Prepare the marinade by adding the onion, Serrano chiles, garlic, ginger, coriander, paprika, turmeric and curry leaves or lime zest or bay leaves to the pot and combining well until the chicken is evenly coated. Cover and chill at least 30 minutes or 12 hours.

Remove the chicken from the refrigerator and let stand at room temp for 30 minutes to an hour based on how long you kept it in the refrigerator.  

Cut the potatoes in half and place them around pot and between chicken pieces.  Pour in about 1/2 cup of water and place over low heat about 40 minutes, stirring every 10 minutes or so.  As it starts to cook, the chicken will release moisture and juices should start to rise.  Once the chicken and potatoes are tender, add the coconut milk and vinegar.  Bring to a simmer and cook until chicken easily pulls away from the bone, about 10-20 minutes.  Remove from the heat.  Fish out the bones and scrape off the meat if you wish before serving or simply leave them in the pot.

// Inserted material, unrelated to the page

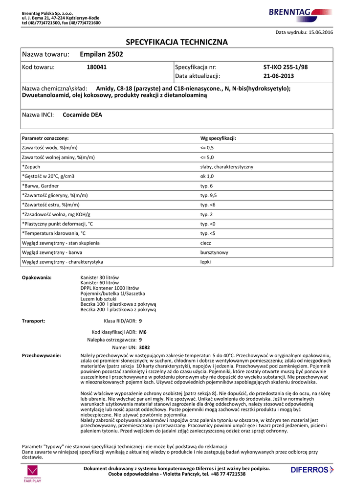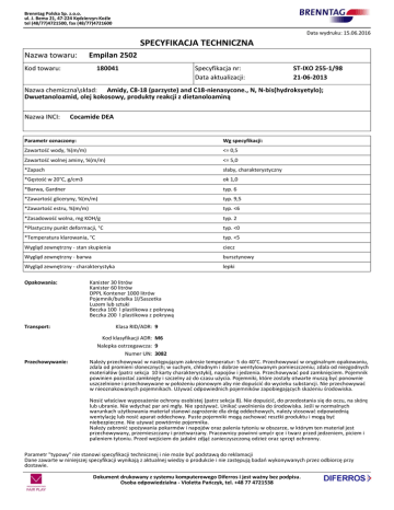 Brenntag Polska Sp. z.o.o. ul. J. Bema 21, 47-224 Kędzierzyn-Koźle tel (48/77)4721500, fax (48/77)4721600 Data wydruku: 15.06.2016 SPECYFIKACJA TECHNICZNA Nazwa towaru: Empilan 2502 Kod towaru: 180041 Specyfikacja nr: Data aktualizacji: ST-IXO 255-1/98 21-06-2013 Nazwa chemiczna\skład: Amidy, C8-18 (parzyste) and C18-nienasycone., N, N-bis(hydroksyetylo); Dwuetanoloamid, olej kokosowy, produkty reakcji z dietanoloaminą Nazwa INCI: Cocamide DEA Parametr oznaczony: Wg specyfikacji: Zawartość wody, %(m/m) <= 0,5 Zawartość wolnej aminy, %(m/m) <= 5,0 *Zapach słaby, charakterystyczny *Gęstość w 20°C, g/cm3 ok 1,0 *Barwa, Gardner typ. 6 *Zawartość gliceryny, %(m/m) typ. 9,5 *Zawartość estru, %(m/m) typ. <6 *Zasadowość wolna, mg KOH/g typ. 2 *Plastyczny punkt deformacji, °C typ. <0 *Temperatura klarowania, °C typ. <5 Wygląd zewnętrzny - stan skupienia ciecz Wygląd zewnętrzny - barwa bursztynowy Wygląd zewnętrzny - charakterystyka lepki Opakowania: Transport: Przechowywanie: Kanister 30 litrów Kanister 60 litrów DPPL Kontener 1000 litrów Pojemnik/butelka 1l/Saszetka Luzem lub sztuki Beczka 100 l plastikowa z pokrywą Beczka 200 l plastikowa z pokrywą Klasa RID/ADR: 9 Kod klasyfikacji ADR: M6 Nalepka ostrzegawcza: 9 Numer UN: 3082 Należy przechowywać w następującym zakresie temperatur: 5 do 40°C. Przechowywać w oryginalnym opakowaniu, zdala od promieni słonecznych; w suchym, chłodnym i dobrze wentylowanym pomieszczeniu; zdala od niezgodnych materiałów (patrz sekcja 10 karty charakterystyki), napojów i jedzenia. Przechowywać pod zamknięciem. Pojemnik powinien pozostać zamknięty i szczelny aż do czasu użycia. Pojemniki, które zostały otwarte muszą być ponownie uszczelnione i przechowywane w położeniu pionowym aby nie dopuścić do wycieku substancji. Nie przechowywać w nieoznakowanych pojemnikach. Używać odpowiednich pojemników zapobiegających skażeniu środowiska. Nosić właściwe wyposażenie ochrony osobistej (patrz sekcja 8). Nie dopuścić, do przedostania się do oczu, na skórę lub ubranie. Nie wdychać par ani mgły. Nie spożywać. Unikać uwolnienia do środowiska. Jeśli w normalnych warunkach użytkowania materiał stanowi zagrożenie dla dróg oddechowych, należy stosować odpowiednią wentylację lub nosić aparat oddechowy. Puste pojemniki mogą zachować resztki produktu i mogą być niebezpieczne. Nie używać powtórnie pojemnika. Należy zabronić spożywania pokarmów i napojów oraz palenia tytoniu w obszarze, w którym ten materiał jest przechowywany, przemieszczany i przetwarzany. Pracownicy powinni umyćr ęce i twarz przed jedzeniem, piciem i paleniem tytoniu. Przed wejściem do jadalni zdjąć zanieczyszczoną odzież oraz sprzęt ochronny. Parametr "typowy" nie stanowi specyfikacji technicznej i nie może być podstawą do reklamacji Dane zawarte w niniejszej specyfikacji wynikają z aktualnej wiedzy o produkcie i nie zastępują badań wykonywanych przez odbiorcę przy dostawie. Dokument drukowany z systemu komputerowego Diferros i jest ważny bez podpisu. Osoba odpowiedzialna - Violetta Pańczyk, tel. +48 77 4721538 Brenntag Polska Sp. z.o.o. ul. J. Bema 21, 47-224 Kędzierzyn-Koźle tel (48/77)4721500, fax (48/77)4721600 Okres ważności: 360 dni Uwagi: Produkt nie zawiera konserwantów. *informacje dodatkowe Ten produkt nie jest jakości spożywczej, paszowej, farmaceutycznej. W związku z tym nie może być użyty jako dodatek/składnik żywności, pasz lub produktów farmaceutycznych. Użycie produktu do tych zastosowań pozostaje w zakresie odpowiedzialności klienta. Parametr "typowy" nie stanowi specyfikacji technicznej i nie może być podstawą do reklamacji Dane zawarte w niniejszej specyfikacji wynikają z aktualnej wiedzy o produkcie i nie zastępują badań wykonywanych przez odbiorcę przy dostawie. Dokument drukowany z systemu komputerowego Diferros i jest ważny bez podpisu. Osoba odpowiedzialna - Violetta Pańczyk, tel. +48 77 4721538

Prepare the finishing ingredients by heating the coconut oil in a skillet over medium heat until hot.  Add shallots and cook, stirring often until slightly browned (4-5 minutes), Stir in mustard seeds and curry leaves or lime zest and dried red chilies.  Stir constantly and cook until the mustard seeds start to pop.  Take about 1/4 cup of the liquid from the pot of chicken and pour it into the skillet to get all of the bits out of the skillet and pour it all back into the chicken pot.  Season with salt to taste.

Serve with brown rice or cauliflower rice.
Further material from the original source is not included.